#### Record excerpts ####

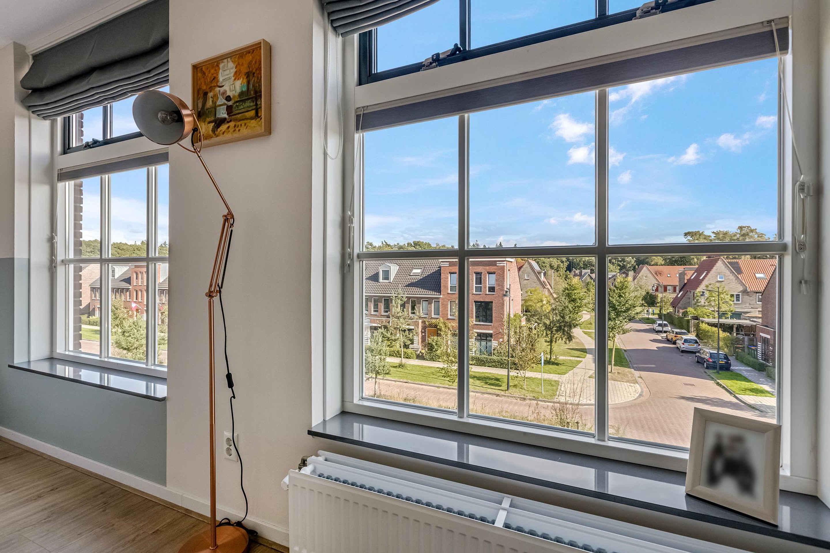 Wat deze woning uniek maakt is het vrije uitzicht naar de bosrand vanuit de keuken en de slaapkamer aan de voorzijde.
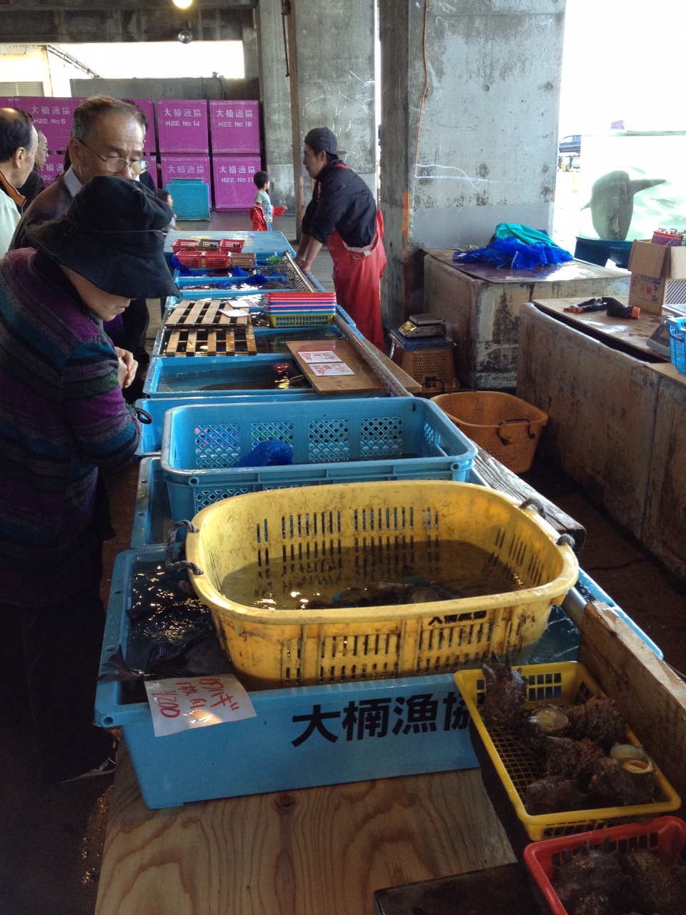 魚屋は活魚でカワハギがいたりと新鮮な魚が売ってました。甲イカ(スミイカ)を一杯購入して刺身で食べましたがめちゃくちゃ美味しかったです。
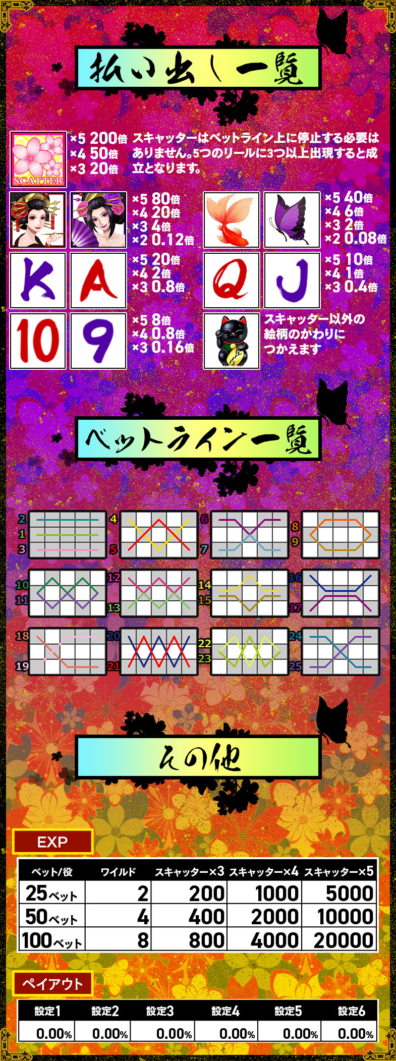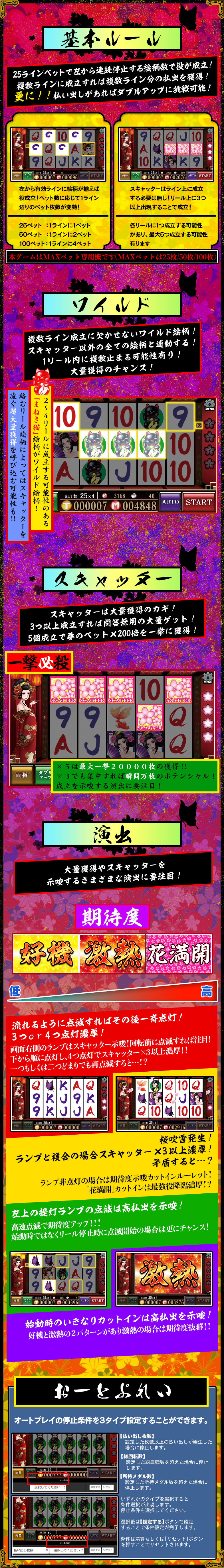 5リールスロット「桜花伝」はMAXベット専用機です(25枚/50枚/100枚の3種類の台からお選び頂けます)。 -
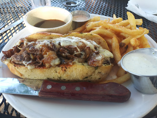 This was our first time here. We were seated immediately event though the full parking lot and space in front were full. They have a large shaded patio area out back so I think that is where most patrons were as the inside wasn't not full. This did delay our meal a little. Had we ordered appetizers the time would have been filled with that but we didn't. We were not upset at the time delay since we could see everyone was hustling. Our waitress (name starts with an M -- couldn't hear her) was really nice and even though she was busy she always stopped by to see if we needed anything.
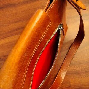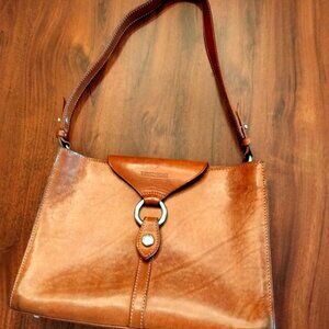 Handsome D&B saddle leather shoulder bag with heavy brass trim and four brass feet. One slip-in interior pocket and one zippered outside pocket. Red twill lining. All snaps and zippers working fine. Great, clean, preowned condition. Please see photos for size.
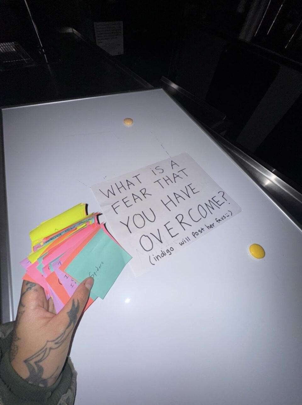 Indigo: I’ve been asking a question at every show on this tour and leaving sticky notes for people’s answers. It has been a really sweet way to connect and learn about my listeners. Everyone’s answers are so wildly different, and also sometimes really similar. It’s fun to see how people respond.

####

• _Exercise goal_
Print the data above exactly, from its first line to the line bearing "5リールスロット「桜花伝」は" inclusive, and keep pictures out of the result.

• _Answer below_
 Wat deze woning uniek maakt is het vrije uitzicht naar de bosrand vanuit de keuken en de slaapkamer aan de voorzijde.
 魚屋は活魚でカワハギがいたりと新鮮な魚が売ってました。甲イカ(スミイカ)を一杯購入して刺身で食べましたがめちゃくちゃ美味しかったです。
 5リールスロット「桜花伝」はMAXベット専用機です(25枚/50枚/100枚の3種類の台からお選び頂けます)。 -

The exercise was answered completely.